三谷太一郎『日本の近代とは何であったか』をめぐる断想

三谷太一郎『日本の近代とは何であったかー問題史的考察』の第一章で明かされている、当時では最長老の政治学者であった南原繁との対話のエピソードは、どう解釈すべきなのだろうか。
「今から半世紀近く前、著者は、日本における政治哲学および戦後日本の教育体制の基礎を造った当時最長老の政治学者南原繁と対話する機会がありました。その時、南原が著者に問いを発し、福沢諭吉のような人がなぜ明治憲法に対して批判的でなかったのか、自分はかねてから非常に不思議に思っていると語ったことを思い出します。南原の生年の一八八八(明治二二)年は、ちょうど明治憲法発布の年でした」
南原繁は何らかの答えを出したのだろうか。あるいは、著者はその時、どのように答えたのだろうか。

森鷗外の史伝に対する捉え方は面白い。
「鷗外の『伊澤蘭軒』や『北條霞亭』は、廉塾という山陽道の一宿駅を拠点とする、ささやかな知的共同体が及ぼした全国的なコミュニケーションのネットワークを、飛躍を伴わない徹底した考証学的方法ーーこれは鷗外が敬愛して止まなかった澀江抽斎の学問的方法ですがーーによって描破したのです。北條霞亭の先任者として、一時期菅茶山の委嘱を受け、廉塾塾頭を務めた頼山陽の『日本外史』その他の著作は、『文芸的公共性』の一つの結実です。それが幕末の政治的コミュニケーションを促進する媒体の役割を果たしたことはいうまでもありません」

さらには、「森鷗外が一連の『史伝』で描いた江戸時代末期の学者たちの学問は、明治期の機能主義的で実用主義的な学問に対する反対命題でした。鷗外が『史伝』の著述にあたって、そのことを明確に意識していたことは明らかです」と洞察している。『渋江抽斎』は思いのほか興味深く読んだ。『伊澤蘭軒』『北條霞亭』も読みたいが、どうやら文庫本を手に入れるのは難しいようだ。

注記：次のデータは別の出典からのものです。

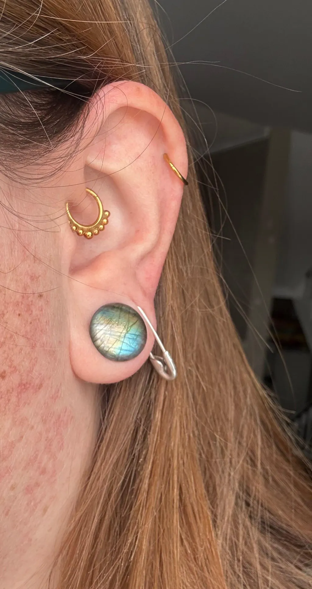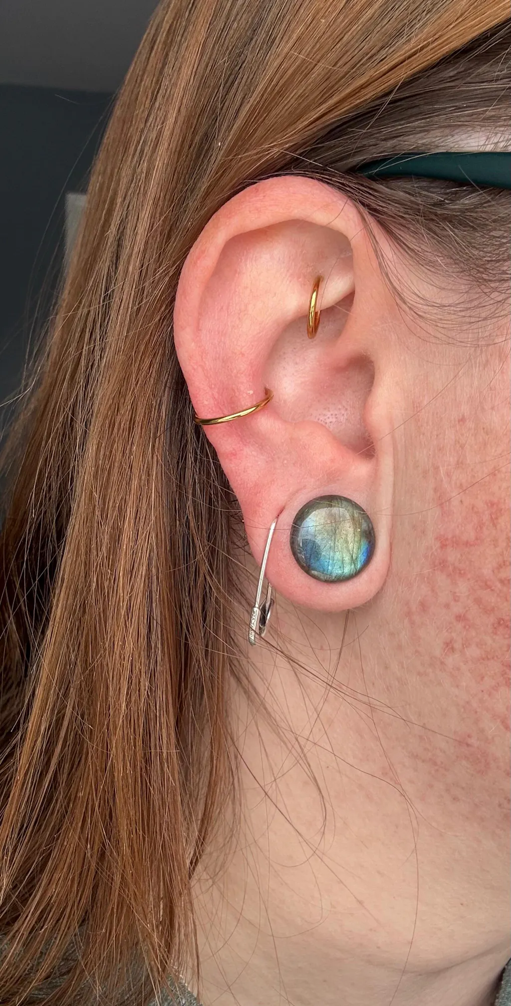 grade aaa labradorite single flare plug model shot side shot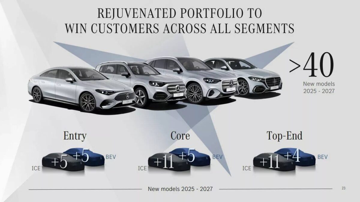 簡單講就是,在歐盟燃油車禁令取消後,賓士沒有要把雞蛋全押在電動車上,而是用更現實的節奏,把主力級距(Core)、入門產品(Entry)與高端旗艦(Top-End)一起補強,靠「新車密度」去撐住聲量與銷售。

「第一章 なぜ日本に政党政治が成立したのか」の締め括りに述べられている、この言葉は重い。
「私は、今後の日本の権力形態は、かつて一九三〇年代に蠟山政道が提唱した『立憲的独裁』の傾向、実質的には『専門家支配』の傾向を強めていくのではないかと考えています。これに対して『立憲デモクラシー』がいかに対抗するかが問われているのです」

ところで、原敬の日記に明治期の政争の激しさを見て驚いた。
「……前田が農林学校に縁を繋ぎ居りて他日大臣たらんとするの野心あり、窃かに教員等を使嗾して運動せしむるものなりとの評判すらなす者あり、兎に角同校は農商務省に属し居るよりは学問の系統上に於ても文部省に属する方適当にして且つ得策なるに因り此処分をなしたるなり、……而して決行までは何人も之を知らず、全く突然に出たり」(明治二三年六月一三日付の原敬の日記)
一人の政敵の復活を完全に遮断するために、省庁の改変という大掛かりな手段を用いることも厭わない。お主そこまでやるか、と言いたくなる気分である。

最後に、「終章 近代の歩みから考える日本の将来」において、「二〇一一年の東日本大震災による原発事故によって、幕末以来の日本の近代化路線に致命的な挫折をもたらしたことも否定することはできません。原発には、現在および将来の日本の資本主義の全機能が集中していたからです」と述べて、「日本近代それ自体への深刻な問い」を提起している。